Program: Oral and Poster Abstracts
Session: 634. Myeloproliferative Syndromes: Clinical: Poster II
Methods: MPN cases positive for CALR mutations were retrieved from our database over a period of 14 months. CALR, JAK2, and MPL mutation analyses were performed by either fragment analysis with Sanger sequencing confirmation or Next-Generation sequencing. Chromosome analysis and FISH with probes for 5p15/5q31, 7p11/7q31, 8cen, 20q, and t(9;22) were performed in all cases. Other parameters obtained included age, gender, hemoglobin, WBC, platelet count, bone marrow blasts and histology, and JAK2/MPL mutation status. The data were analyzed with independent sample t-tests and a 2-tailed chi-square test.
Results: A total of 100 consecutive cases of CALR mutated MPNs were identified, 86 of which had available marrow specimens for morphologic subclassification. We further studied the cohort of 86 cases, including 37 ET and 49 PMF patients. 49 were male and 37 female with a median age of 67 (range 31-88) years. 49 (57%) patients had type 1, 28 (33%) had type 2, and 9 (10%) exhibited other types of mutations. No JAK or MPL mutation was found in any cases. Among patients with type 1 mutations, 22 (46%) were ET and 27 (54%) were PMF. Type 2 mutations were seen in 9 (33%) ET and 19 (67%) PMF patients. Notably, 5 cases of ET with type 2 mutations displayed atypical megakaryocytic hyperplasia with variable size and tight aggregates. In contrast, ET with type 1 mutations generally exhibited large megakaryocytes with hyperlobated nuclei. Two cases of PMF with type 2 mutations had a remote history of ET and may represent myelofibrotic transformation. ET patients with type 2 mutations had lower marrow cellularity (mean: 40% vs. 57%; p=0.014) than those with type 1 mutations. There were no statistically significant differences in age, gender, average hemoglobin, WBC, platelet count, marrow blasts, or reticulin fibrosis between the two ET subgroups. While no significant differences in various parameters were observed between PMF patients with type 1 and type 2 mutations, type 2 mutations showed a trend toward a higher platelet count (mean: 714 K/uL vs. 513 K/uL; p=0.086). Chromosome abnormalities were seen in 12 cases (23%), including 11 cases of PMF and 1 case of ET. Among PMF cases, cytogenetic abnormalities were less frequently associated with type 1 mutation (3/27) than type 2 and other types of mutations (8/22) (6% vs. 36%; p=0.035). The number of cases with other types of CALR mutations was small (3 ET and 6 PMF); therefore, comparison of those cases with cases from type 1 or type 2 mutated groups was precluded.

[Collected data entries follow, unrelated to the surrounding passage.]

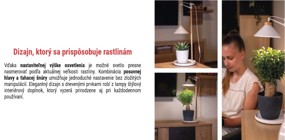 Tento model je určený pre doplnkové osvetlenie izbových rastlín, byliniek, sukulentov či kvetov v priestoroch s nedostatkom prirodzeného svetla (napr. v zimnom období či v tmavších miestnostiach). Hodí sa do obývačiek, kancelárií alebo kuchýň, kde podporuje fotosyntézu a zlepšuje vitalitu rastlín.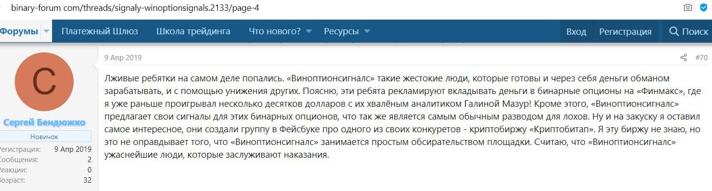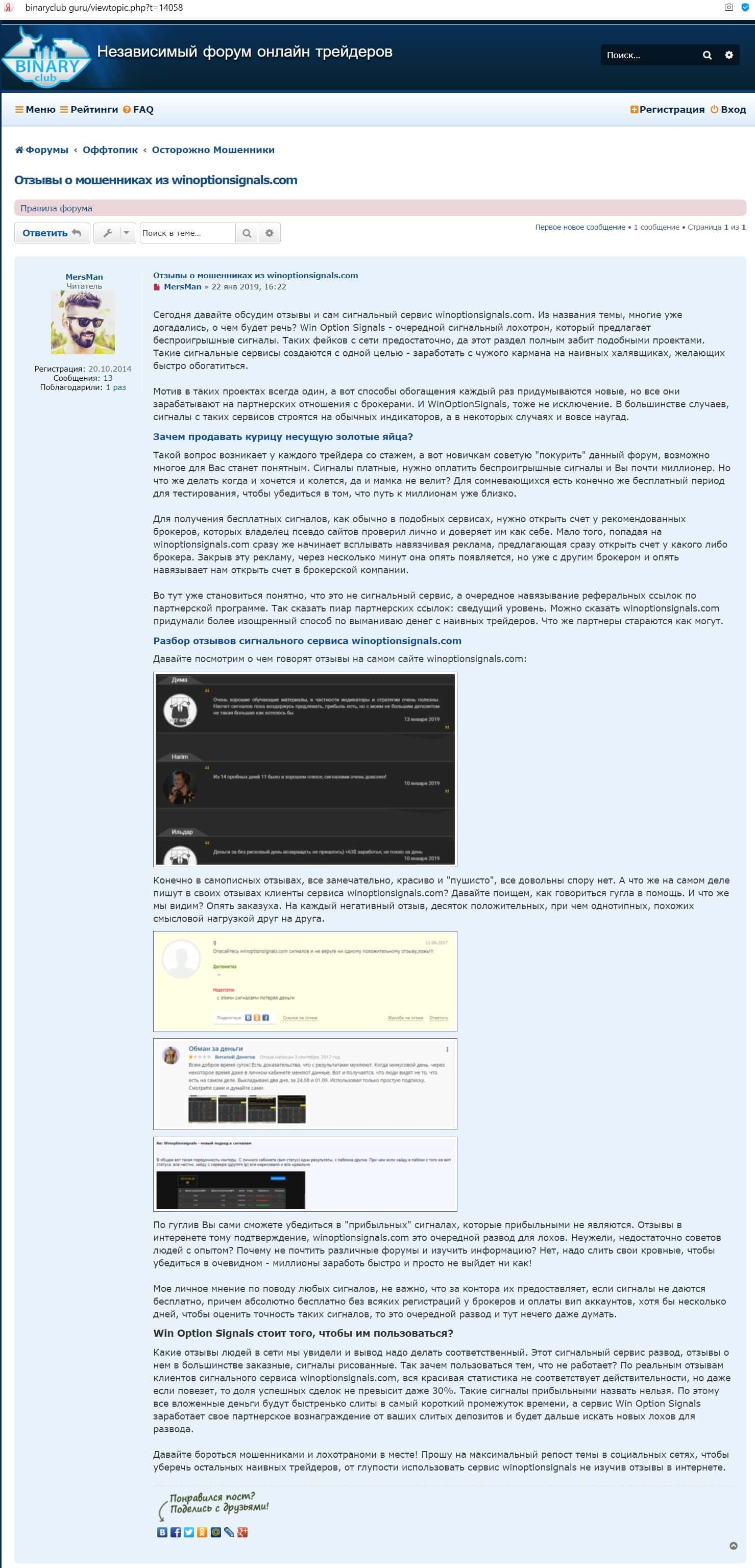 Молодой человек написал комментарий на форуме, где говорит, что он не заработал на сайте Вин Опционс Сигналс и 1%, все отзывы у них самописные, статистика фальшивая.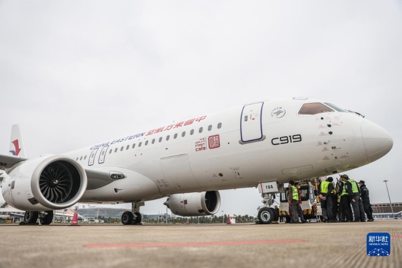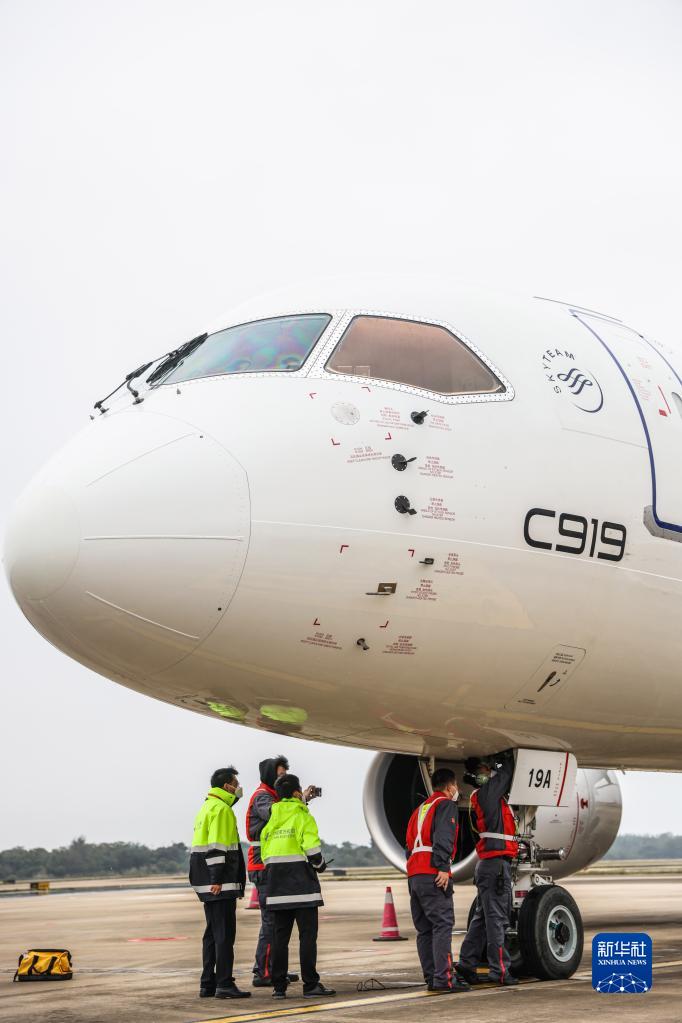 1月2日,國產(chǎn)大飛機(jī)C919停在海口美蘭國際機(jī)場。

Conclusions: ET patients with type 2 mutations showed less marrow cellularity and more megakaryocytic abnormalities associated with PMF compared to those with type 1 mutations. Our observations may raise the question whether ET patients with type 2 CALR mutations are more likely to progress to post-ET myelofibrosis. Type 2 mutations were also associated with a higher platelet count and higher frequency of cytogenetic abnormalities in PMF. Thus, CALR type 2 mutations may have a greater impact on megakaryocytic hyperplasia and platelet count production. We hypothesize that CALR type 1 and type 2 mutations represent different disease subgroups with pathogenic and prognostic implications.
Disclosures: No relevant conflicts of interest to declare.